Barack Obama’s eloquence in the defense of idealism hasn’t changed since Iowa, but reaction to it has. He is accused of favoring uplifting rhetoric over hard policy choices. Some commentators complain that for them, the thrilling speeches of the primary season now produce little or no reaction. Obama speaks of a renewed world, but most old-timers, cynical or not, expect the world — especially the one inside the Beltway — to roll on without much change. Inertia will prevail over hope. We are fortunate, however, that Obama himself doesn’t believe any of this.

“Rhetoric” is what George Bush offered when he promised compassionate conservatism and insisted that he was a uniter, not a divider. The words were a cover up and a pretense, empty of sincere meaning. All along, one supposes, Bush’s right-wing agenda was firmly in place. Canny advisers knew the agenda wouldn’t sell, so they mounted a distraction that quite handily fooled enough of the voting public to achieve the desired results.

Obama’s words ring of sincerity, but that’s not the key thing: they grow from a much wider basis than one politician’s desire to be elected. It may be true that he resorts to cliches when speaking of a new world and dignity for every person, but the impulse behind them is shared by millions, not just in this country but around the globe. Spontaneous upwelling like this occurs rarely, and it often signifies radical change. The mechanics of mass movements baffle historians. Many kinds of simmering emotions never coalesce into a movement. Eastern Europe changed under Communism for forty-five years to no great effect except mass grumbling and depression, and those uprisings that did occur in Hungary and Czechoslovakia were quelled in a matter of days by brute force.

We aren’t talking about might against might now but something subtler. Obama was right to mention the Berlin Wall multiple times in his visit to that city, because the Wall was not pushed over by force, unless you mean the force of consciousness. Right timing and mass will came together perfectly; resistance and opposition were rendered powerless. Can the same magic strike again? We have immovable walls in the U.S., and no one knows if Obama will be like Woodrow Wilson, whose ideals about peace and international unity were crushed, or like Kennedy, who caught a wave of change stronger than he ever expected (his 1960 campaign, viewed objectively, was full of standard Cold War rhetoric).
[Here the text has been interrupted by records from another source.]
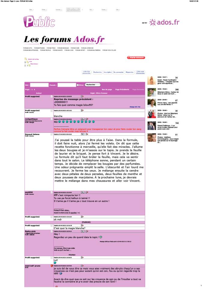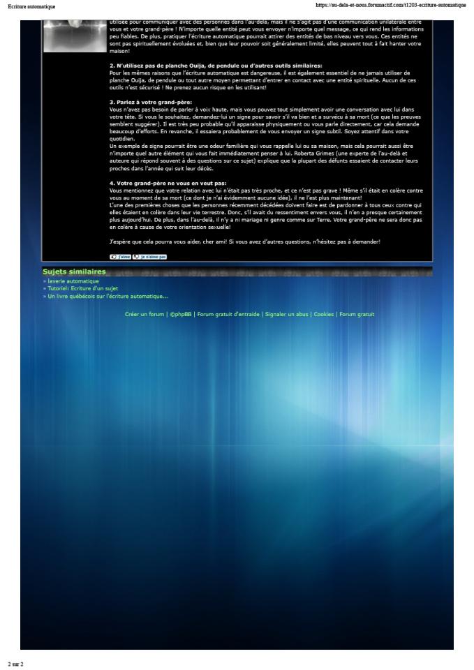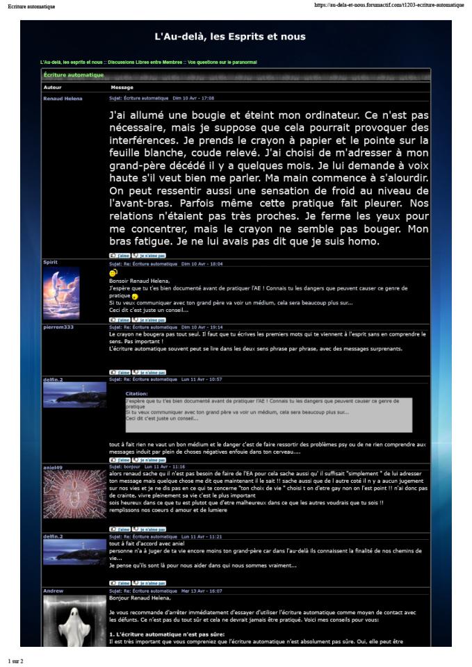 Sans titre (écriture automatique), 2010, intervention on a forum dedicated to the paranormal, capture
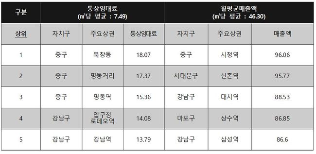 서울시내 주요 상권 통상임대료 ㎡당 74,900원…상가임대차 실태조사 발표
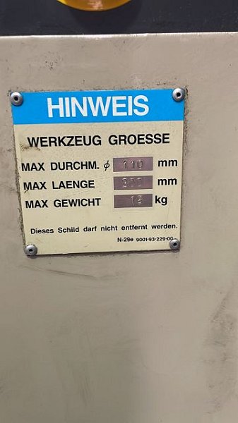 | Detalles | ZONA DE TRABAJO -CÚBICA- Trayecto de desplazamiento eje X: 1000 mm Trayecto de desplazamiento eje Y: 510 mm Trayecto de desplazamiento Z: 450 mm MESA Anchura de la superficie de sujeción: 1120 mm HUSILLO / CABEZAL Gama de velocidades a: 10000 /min potencia del motor: 18.5 kW ALMACÉN DE HERRAMIENTAS Número de posiciones de la herramienta: 20 Diámetro máximo de la herramienta : 110 mm Longitud máxima de la herramienta: 300 mm Peso máximo de la herramienta: 15 kg AUTOMATIC WORKLOAD EQUIPMENT pallet length: 450 mm pallet width: 100 mm Número de paletas: 2 DIMENSIONES / PESO espacio requerido -izquierdo/derecha-: 2900 mm espacio requerido -delante/atrás-: 2400 mm Altura total: 2785 mm Peso total aprox.: 8200 kg |
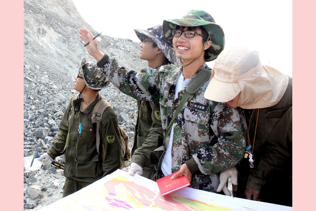 今年刚刚退休的曹新志教授,是地质找矿的行家里手,每年暑期雷打不动地奔波于全国各地的各类矿山。他与学生登山赶往一处矿点时,脚步轻盈,丝毫也看不出他已年满六旬。他在找矿中认真、严谨,对于矿床的判断眼光极为准和狠,无论是在专业知识,还是个人魅力方面,均给学生们树立了师者风范。
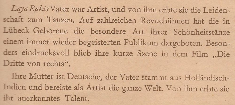 LAYA RAKI, eigentlich Brunhilde Marie Alma Herta Jörns, wurde am 27. Juli 1927
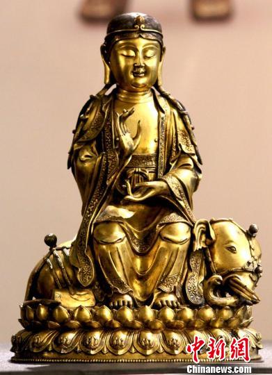 11月3日,“智慧華嚴(yán)——北京首都博物館佛教文物珍藏展”記者會(huì)今天在臺(tái)北舉行。圖為今天開箱的“普賢菩薩”像,此像頭戴發(fā)箍,頭發(fā)后梳并結(jié)辮垂肩,面相寬大飽滿,神態(tài)慈和寧?kù)o。上身披袈裟,下身著僧裙,衣紋寫實(shí),衣緣上刻有精美花紋。善跏趺坐于象背,雙手置胸前結(jié)印。象臥于蓮花座上,象嘴露出六牙。蓮座后刻有銘文:“大明嘉靖十一年正月初八日父諱日男陳佐發(fā)心追造!痹煨投饲f,做工精細(xì),品相完好,為明代晚期造像難得精品。陳立宇 攝
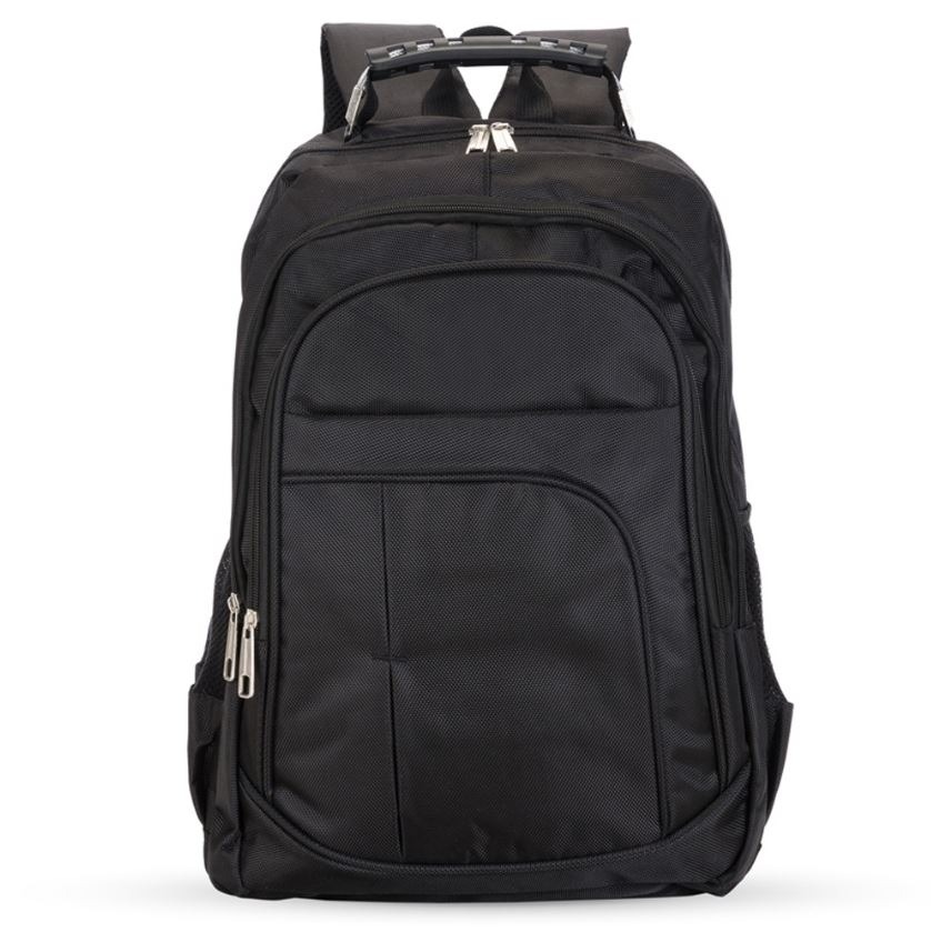 Mochila nylon poliester para notebook. Possui compartimento grande com bolso interno para notebook, dois compartimentos médios, bolso pequeno frontal e bolsos laterais de rede. Zíperes prata, alça superior com pegador emborrachado e tira de silicone com cabo de aço interno para garantir maior resistência, alça superior de nylon, alças ajustáveis para as costas revestidas com espuma e parte traseira também revestida de espuma para maior conforto.
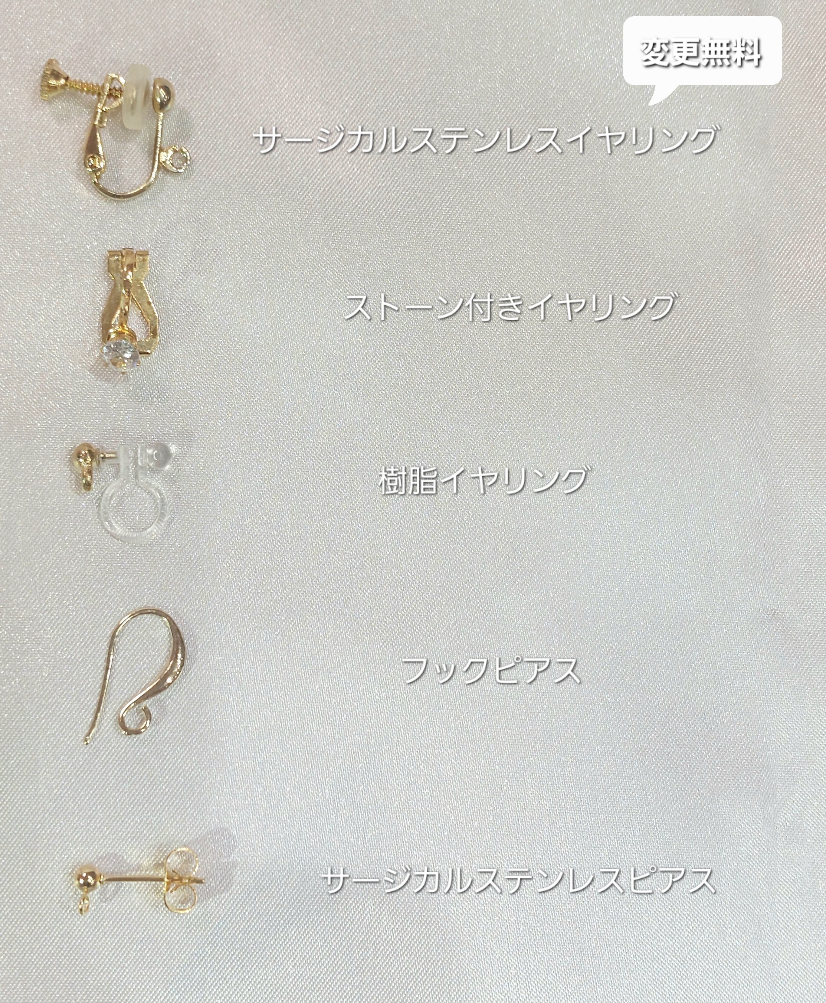 ※イヤリングはピアス穴が空いていない方でもお使いいただけます。イヤリングからピアスに変更は無料でできますのでお気軽にご相談ください♪
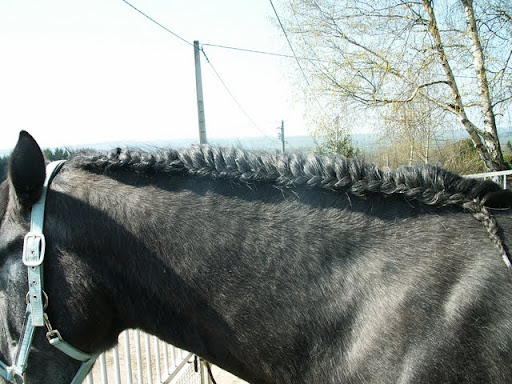 | Dire merci | J'ai vu préparer les percherons par ici, ils sont carrément à cheval pour faire la tresse, ça semble effectivement plus pratique pour avoir quelque chose de bien régulier sur le dessus de l'encolure... Je pense que la laine de couleur (ou le raphia) qu'ils tressent en même temps doit stabiliser l'ensemble, éviter que ça glisse... Ca peut faire très joli si tu assortis avec la couleur de ton tapis mais c'est peut-être trop voyant en CCE ? Sinon, de la même couleur que les crins ? |
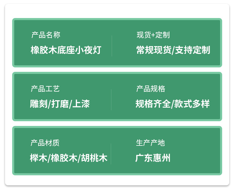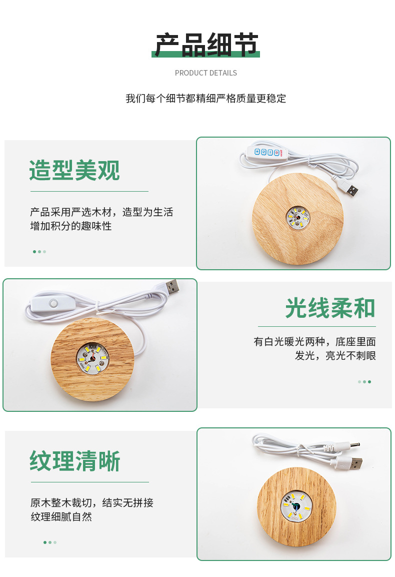 | Artículo No. | Base de madera redonda de caucho luz nocturna integral |
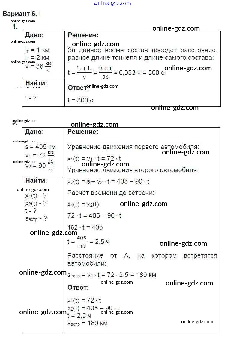 Готовые домашние задания по Физике за 9 класс Дидактические материалы Марон УМК 2019 - СР-2. Варианты Самостоятельные работы 6
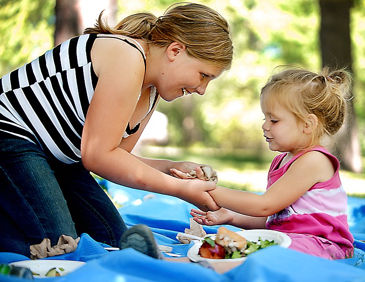 Kyleigh Rogers, 11, wipes the hands of her cousin Nathalie Rogers, 3, after a picnic in the Woodland Park on Monday, July 3, in Kalispell. (Brenda Ahearn/Daily Inter Lake)
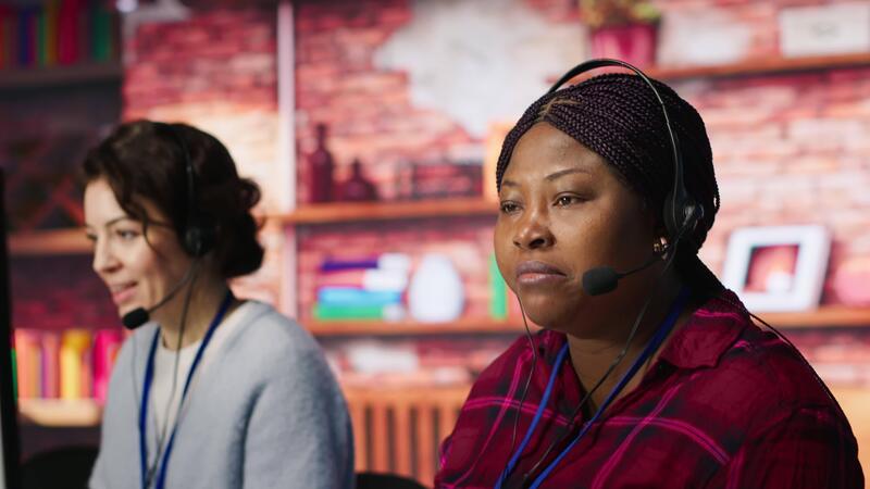 Customer center employee gesturing loud colleague to quiet down during conversation with client. Call center worker upset by noises in office while talking to customers using headphones mic, camera A Pro Video
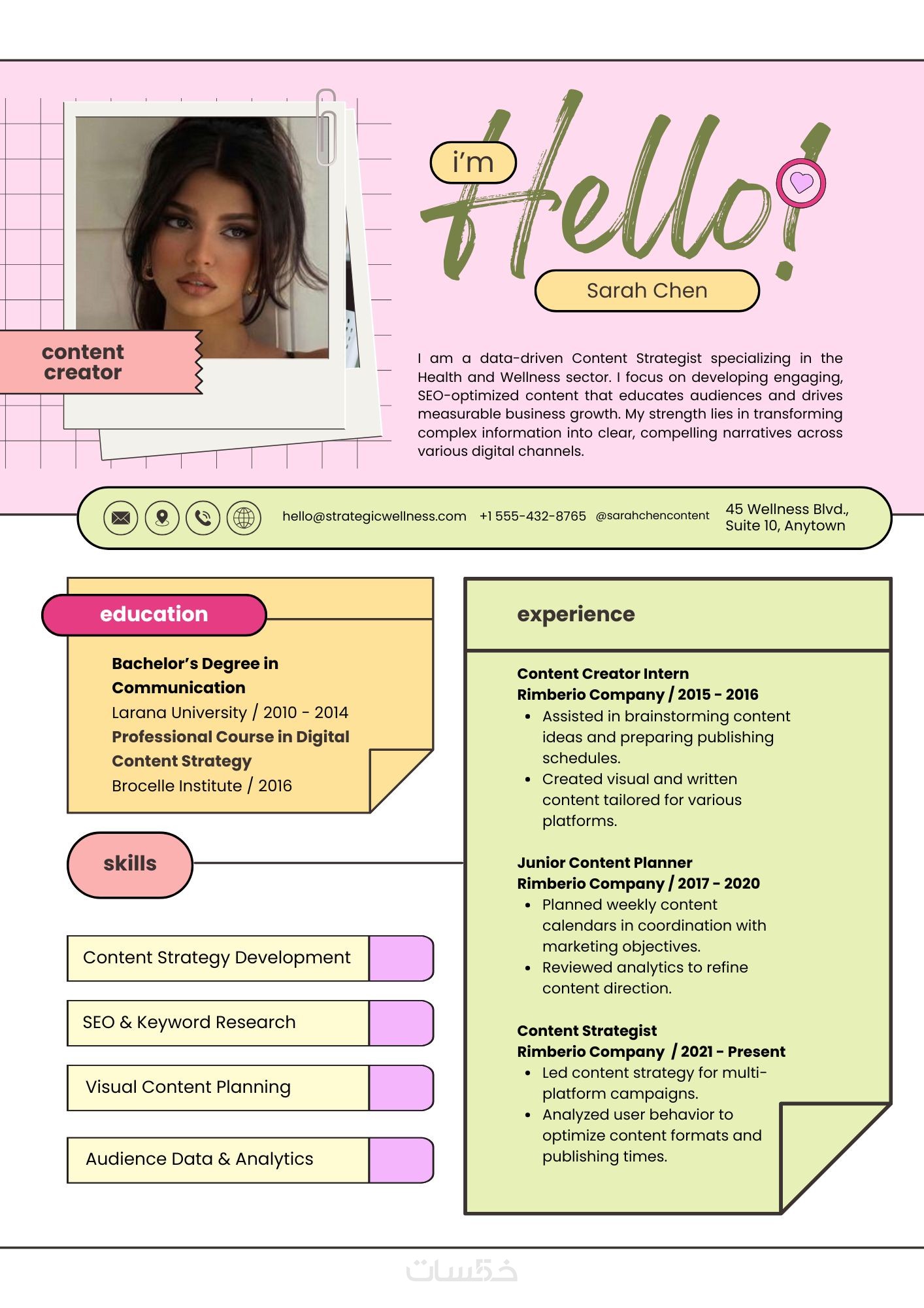 *تنسيق CV واضح، نظيف، وحديث يسهل على العين مسح المعلومات الرئيسية بسرعة.
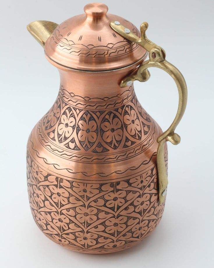 Metal Pure Copper Water Pitcher Approx 60 Fluid Ounce Capacity Flower Design Embossed Metal Material
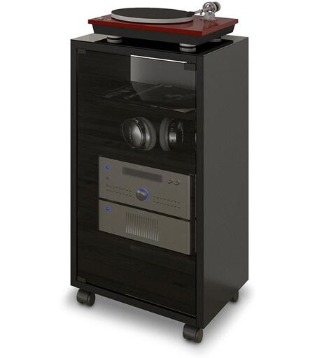 Meuble HI-FI et meuble TV avec porte réversible, 3 étagères et 4 roulettes pivotantes. La Porte Active, à ouverture push-pull en verre trempé Europe Gris (fumé), permet l'entrée de télécommande des appareils placés à l'intérieur. Capacité maximale 50 kg Porte réversible en verre trempé fumé Ouverture de porte Push-Pull Nr. 3 étagèresNr. 4 roues pivotantes ...

Clearly millions of people, the majority of the electorate, want a new start on many fronts. Taken piecemeal, Obama’s chances of reforming Washington, reversing the enormous national debt, updating the tax code, offering universal health care, and establishing a new image abroad seem slim. Idealism, we are told, will come a cropper when it hits its head against solid reality. But that so-called solid reality was built on intangible ideas, hopes, wishes, and needs. Obama grasps this. He understands that tough policy decisions, which of course must be made, aren’t the stuff of inspiration. His campaign is a litmus test for whether a critical mass has formed or wether we are witnessing winds of change that will soon die down. The fate of the world doesn’t hang in the balance, but the future of America’s self-image does. National awareness has been stuck for eight years, and breaking it free needs the inspiration Obama is trying to apply.